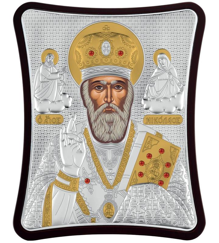 Оклад образа изготовлен из листа Miro-Silvero (итальянского производства); нижнее основание материала - алюминиевый отражаемый металл ALADO который сверху ламинирован серебром 999 пробы тонким слоем. Серебро покрыто защитным оксидным лаком, сохраняющим материал от потемнения и внешних раздражителей. Отдельные части иконы украшены сусальным золотом. Все элементы сюжета иконы до мельчайших деталей и узоров четко вырезаны на окладе, вместе создают гармоничную яркую картину. Закреплен оклад в деревянном киоте (основе) формы четырехугольной звезды, изготовленной из МДФ покрытого шпоном дерева. Сзади икона есть откидная ножка и отверстие для крепления на стене. Цвет дерева: коричневый (орехова текстура). Лик иконы прописан на холсте натуральными красками "Темпера" с помощью метода шелкографии. Образ упакован в оригинальную картонную коробочку от производителя с логотипом компании, которая имеет отличный подарочный вид. Сзади на иконе есть закрепленный Сертификат качества, удостоверяющий оригинальность изделия. Производитель: Prince Silver Греция.
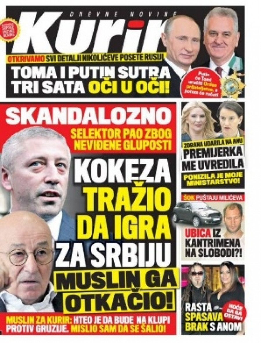 Foto: ST/ D. KADIĆReketaški Kurir na naslovnoj strani izdanja u petak, 3. novembra donosi neverovatnu priču da je Kokeza od Muslina tražio da bude u timu protiv Gruzije?!
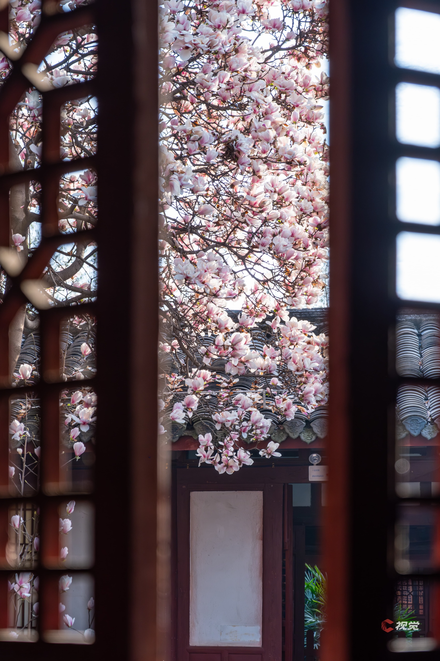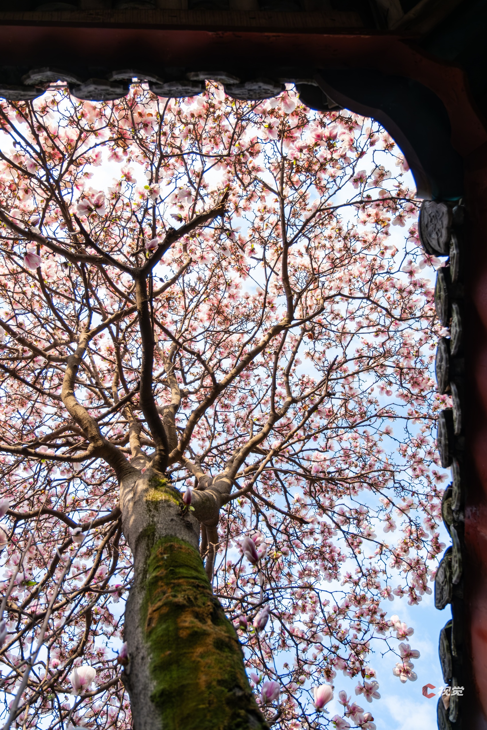 透过古朴的寺庙门框,看见玉兰之美。C视觉签约摄影师 贾科
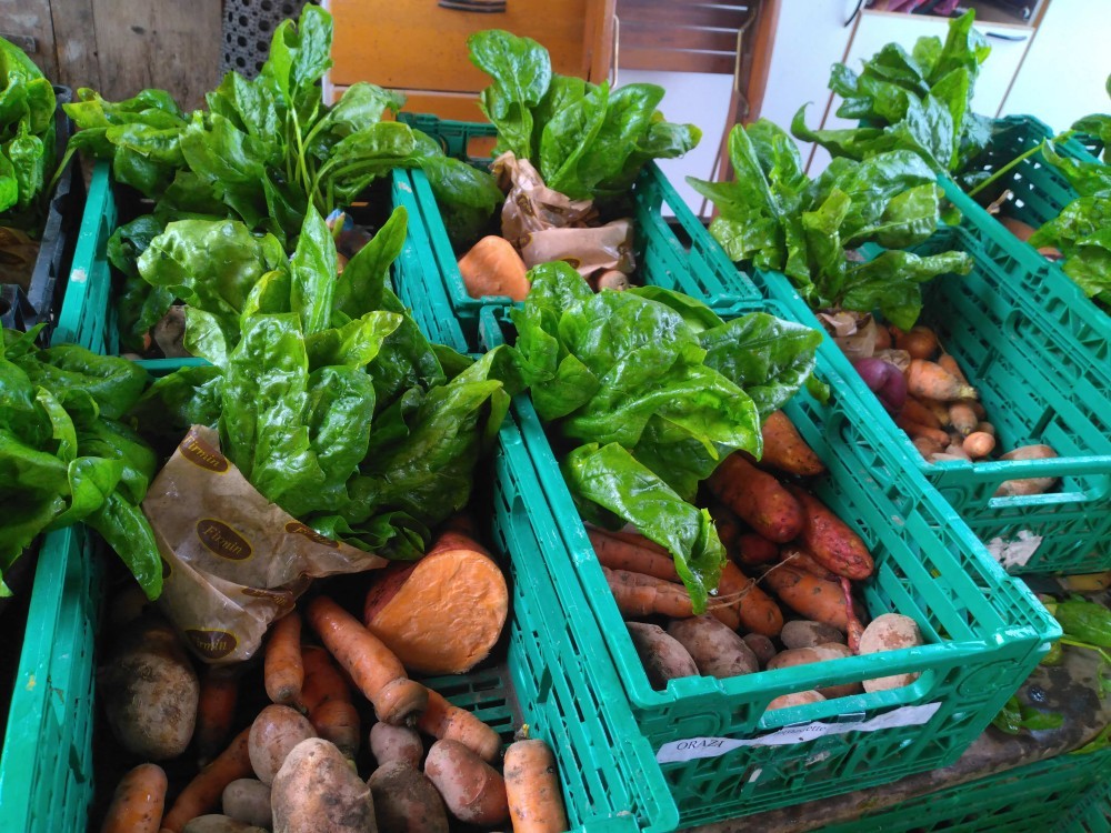 - Panier à 5 € avec : 500g de pommes de terre bio, 1 salade d’hiver, 1 betterave rouge bio, 1 bouquet de blettes bio
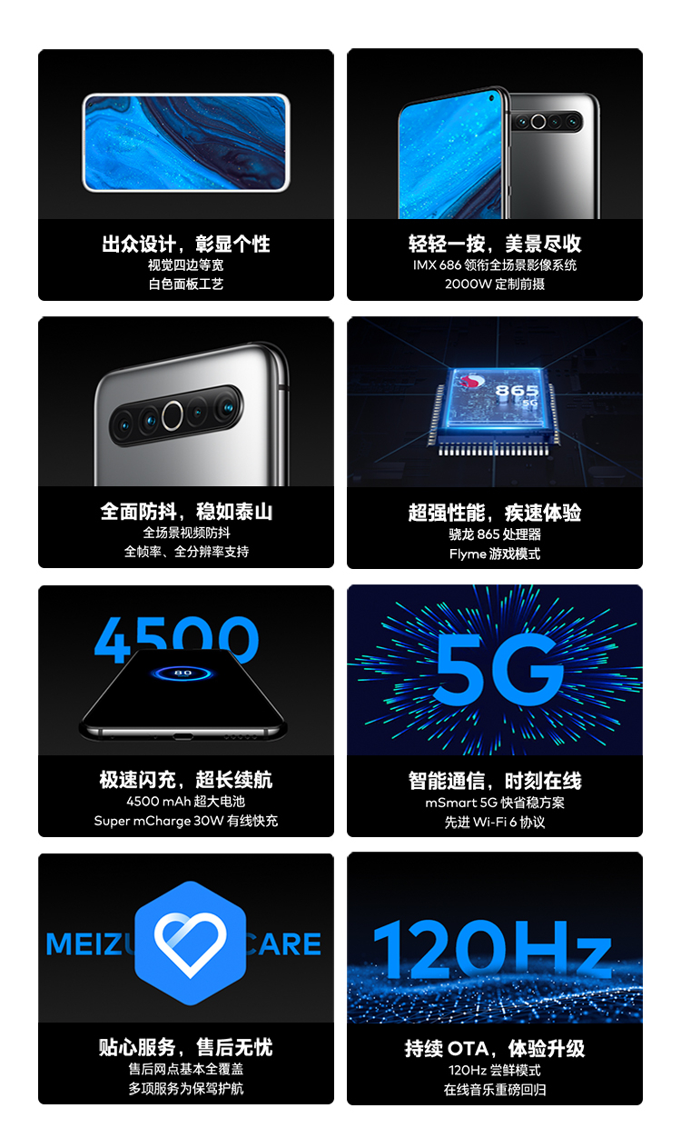 商品名称:魅族17 8GB+128GB AG 梦幻独角兽 骁龙865 旗舰5G手机 30W快充 6400W后置主摄 90Hz屏幕 支持NFC 游戏手机
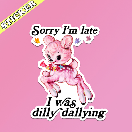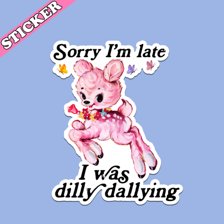 Regular price $5.00Unit price /Unavailable Sorry I’m Late I Was Dilly Dallying Sticker, Funny Kitsch
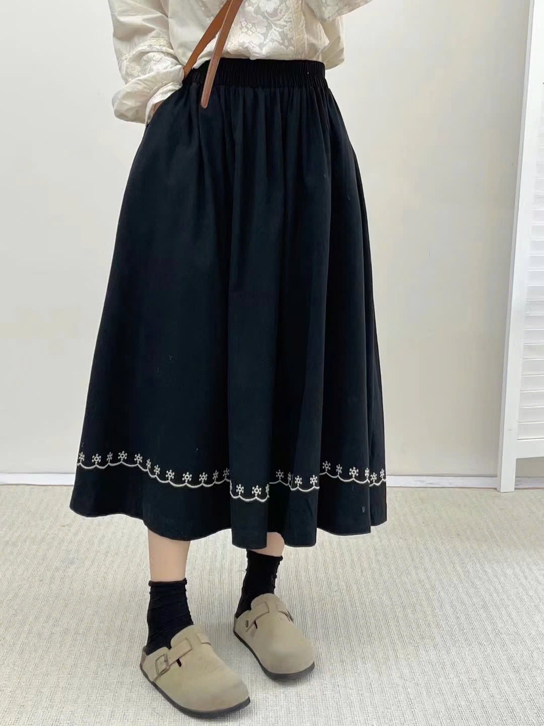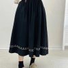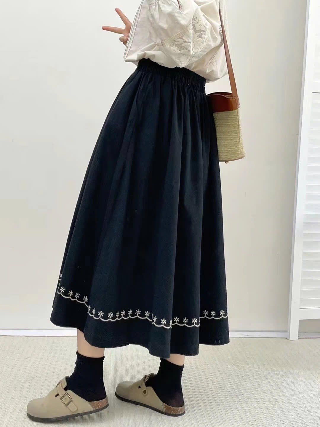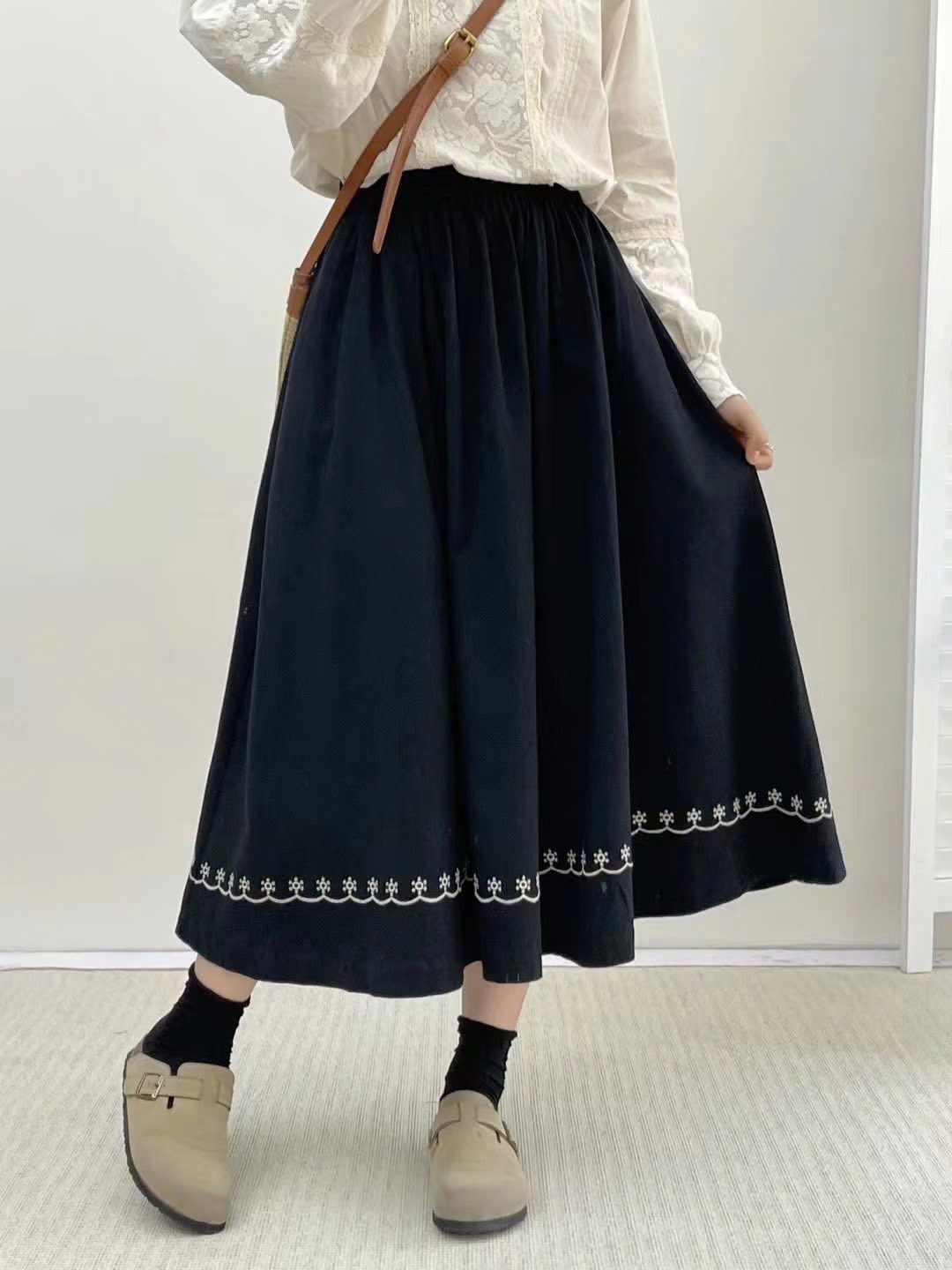 Chân váy xòe thêu viền – Đen
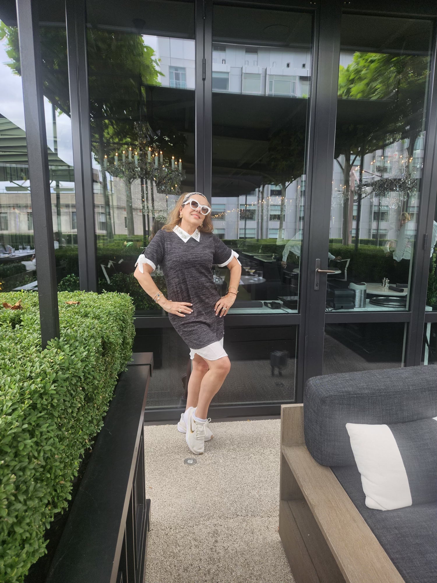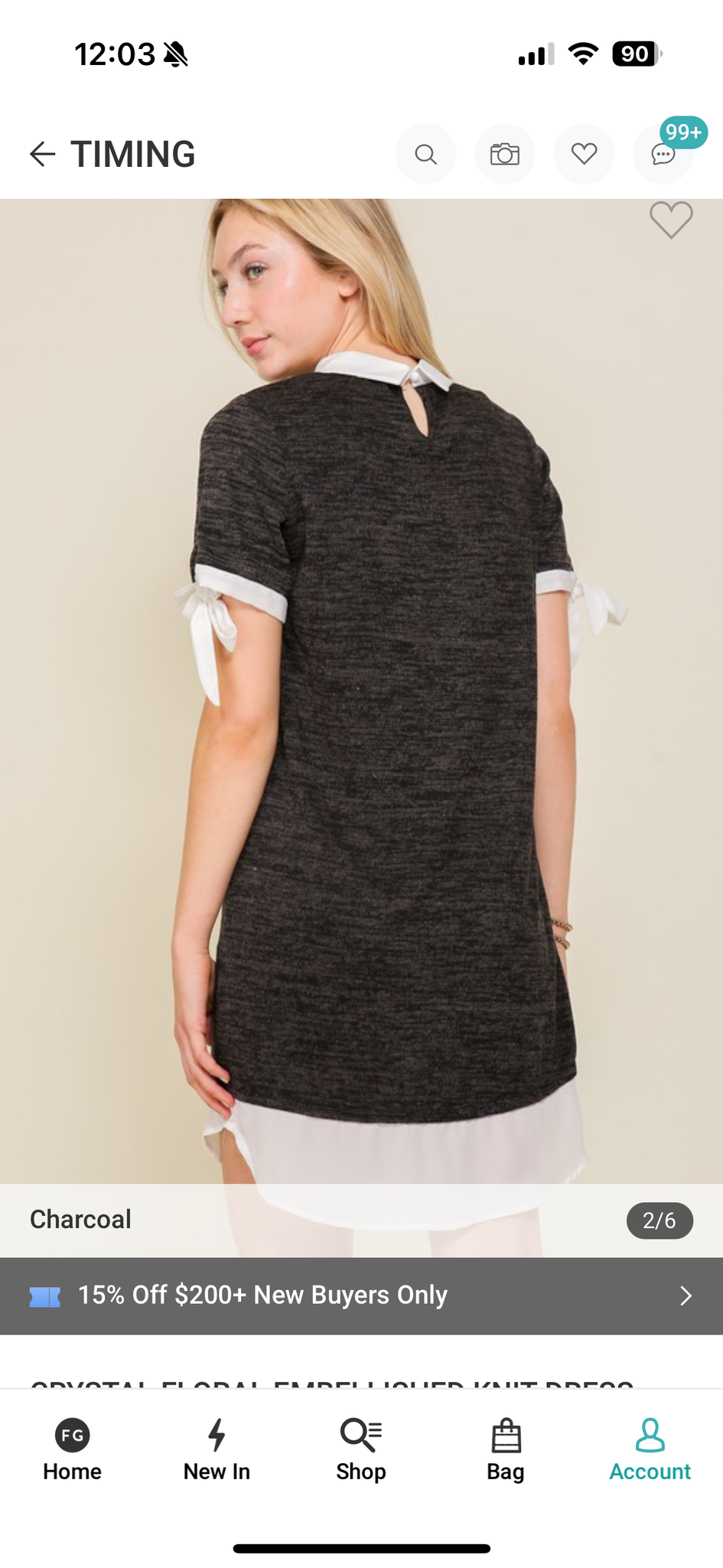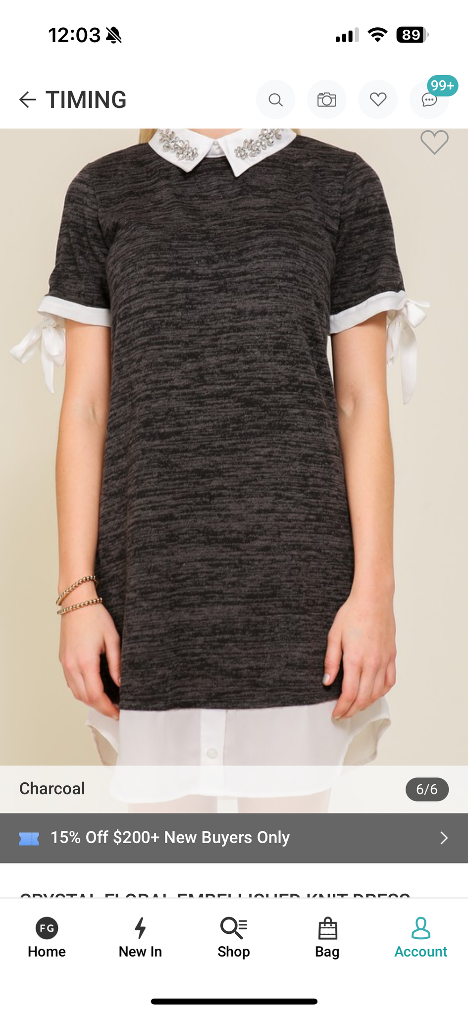 Our beautiful collar dress can be worn as a tunic as well. This beautiful Heather charcoal knit dress is perfect. It’s got a self tie sleeve detail and a Crystal floral embellished collar. It has a classic layer shirt with subtle pleading details and a neat waistband, creating a flattering shape. The dress finishes just above the knee and has a flattering short sleeve length it makes for the perfect, multi seasonal piece and its beautiful Peter Pan style collar. It’s a great multi seasonal piece its beautiful Peter Pan style collar is absolutely timeless fun for any occasion!
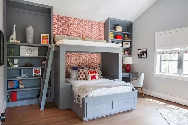 灰色调配以点缀,整体不再是童趣,而是一份灵气,房间仿佛都随着孩子一起长大了。

* * *

_Work instructions_:
What's needed is an exact copy of the lines above from the one with "Foto: ST/ D." through the one with "- Panier à 5", both included; the pictures stay out.

_Answer to this task_:
 Foto: ST/ D. KADIĆReketaški Kurir na naslovnoj strani izdanja u petak, 3. novembra donosi neverovatnu priču da je Kokeza od Muslina tražio da bude u timu protiv Gruzije?!
 透过古朴的寺庙门框,看见玉兰之美。C视觉签约摄影师 贾科
 - Panier à 5 € avec : 500g de pommes de terre bio, 1 salade d’hiver, 1 betterave rouge bio, 1 bouquet de blettes bio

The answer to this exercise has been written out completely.